Always remember, sir, that light and shadow never stand still…in your skies… always aim at brightness…even in the darkest effects…your darks should look like the darks of silver, not of lead or of slate
This is the famous advice that Benjamin West, then in his sixties, gave to the young John Constable.
I’m not a painter, but it must figure in the top five nuggets of painterly wisdom, and there’s an extraordinary pleasure from seeing it well done.
London Fields, Hackney 2012 (c) James Hart Dyke
Hart Dyke takes to this naturally. Whether painting landscapes or narrative – a genre he revived with his MI6 paintings – he is a precise observer of light, so precise that he can convey time, and that physical emotion we call atmosphere.

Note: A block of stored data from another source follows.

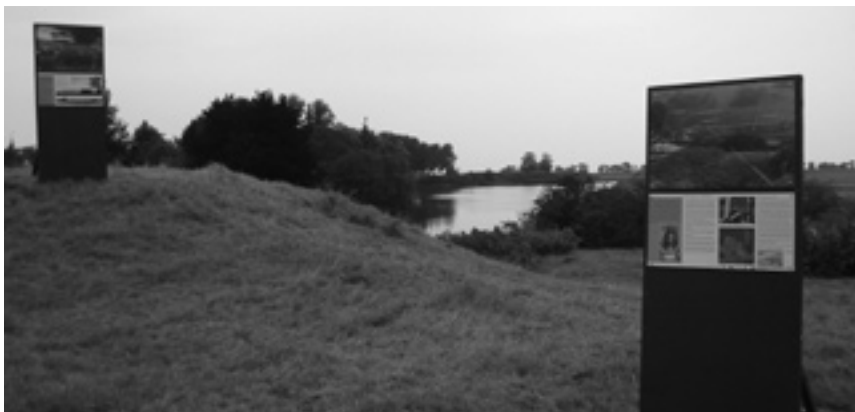
Figuur 6. Muizenfort, Muiden

Voor de dijk langs het inundatiekanaal vanaf Honswijk is een restauratieplan gemaakt. Alle grondlichamen zijn in oorspronkelijke staat terug gebracht. Op twee plekken is een bijzonder element toegevoegd: een coupure en een trap, om de beleving van het werk te verrijken.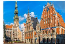
เมืองริกา

** พักที่ Bellevue Park Hotel Riga 4* หรือเทียบเท่า **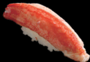
ずわい蟹 (一貫) 550 円 (税込 605 円)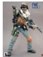
С чего всё началось. Та самая пластиковая фигурка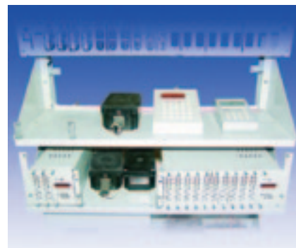
Рис. 4. Постовое оборудование системы ЭССО

на всех железных дорогах сети ОАО «РЖД» и на подъездных путях крупнейших промышленных предприятий России и ближнего зарубежья. За время их эксплуатации не произошло ни одного опасного отказа. На систему дается трехлетняя гарантия со дня ввода в эксплуатацию. Срок службы ЭССО составляет не менее 15 лет.

London Fields, Hackney 2012 is so atmospheric it’s breathable. I don’t know London Fields, but it feels like I do. South London had the same parks, and the same Agfa-coloured evenings in Summer; when Peckham Road looked magical where it melted away into a City the same pink as the light on that gable to the right. False memory for a place you haven’t been isn’t usually a test of high art; but perhaps it should be. We don’t know what this view means to the painter. We don’t need to. He conjures the feeling of the place so clearly that it rings true and trips nostalgic bells. Waiting for a 36 into T0wn on a Saturday night. Watching a last wicket stand, the very best part of very long cricket matches growing up round the boundary in the 70s.